LAC LA BICHE — Over the past three months, from June 2 to Aug. 27, the Stuart MacPherson Public Library featured 60 bodies of work capturing the intense emotions that living through a pandemic has generated and the anticipated relief that is craved when public health concerns and restrictions finally recede.
The artwork displayed in the Time Stamps: The Art of Relief exhibition was created by students and instructors from Portage College, the University of Alberta and Sapporo Otani University in Japan.
To wrap up the local exhibit, roughly 40 individuals including the artists, instructors, members of the public and local dignitaries were in attendance at closing ceremony held on Aug. 27 in the public library.
According to Maureen Penn, the library’s director, more than 106 people visited the exhibit during the summer months, several visitors left comment cards describing the impact of the artists’ creations.
“Tremendous exhibit, such a variety and such talent,” one read.
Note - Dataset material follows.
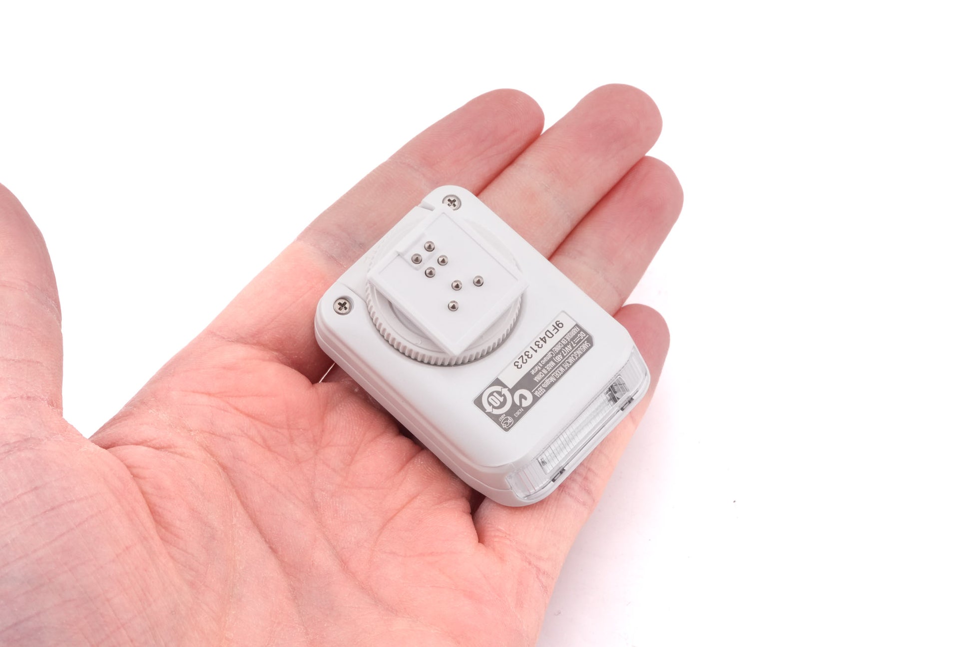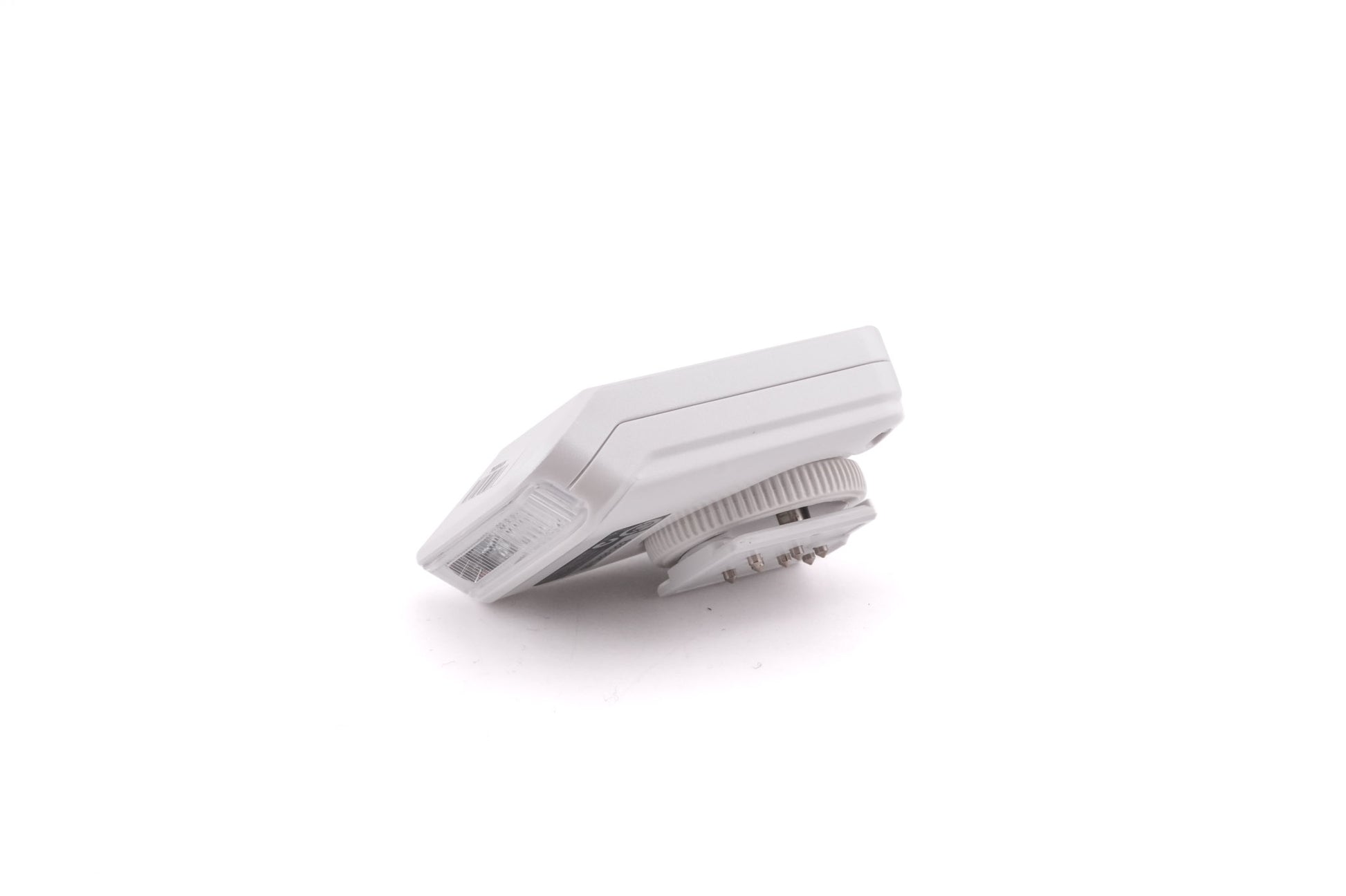 Hotshoe-mounted flash made by Samsung. Plastic body available in black, white, and silver.

Another comment card reading “Wow, with the way of life since the pandemic began it's very interesting how it was captured through art. I enjoyed the exhibit.”
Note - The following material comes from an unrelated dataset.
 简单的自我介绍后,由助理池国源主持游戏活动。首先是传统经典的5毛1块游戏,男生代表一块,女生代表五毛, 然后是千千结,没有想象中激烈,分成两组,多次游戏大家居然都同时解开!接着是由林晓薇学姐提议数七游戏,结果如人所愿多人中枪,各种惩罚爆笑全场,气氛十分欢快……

The exhibit’s concept came about after Portage College’s Fine Arts Instructor Pierre Öberg listened to a CBC radio interview with Jill Lepore, a professor of American History at Harvard University, where they compared the current COVID-19 pandemic with the polio epidemic that disproportionality effected small children and youth.
For Öberg, expressing a health crisis through an artistic lens is one way of capturing a period of history that can be more universally understood while remaining timeless.
“In hopefully a small way, in a small gesture, this period of time has been captured in a way that can inform future generations if there are similar struggles, but also inspire and comfort future generations that may have to go through similar challenges,” he said, adding that its common for generations to look back in time to find similar works of art created throughout periods of global turmoil and disease outbreaks such as polio.
“We forget about it until we need to be reminded and maybe comforted by other generations to say, ‘OK, we've been through this before as a global family and we can get through it again.’ I think we can find strength and hope and courage and faith in previous generations.”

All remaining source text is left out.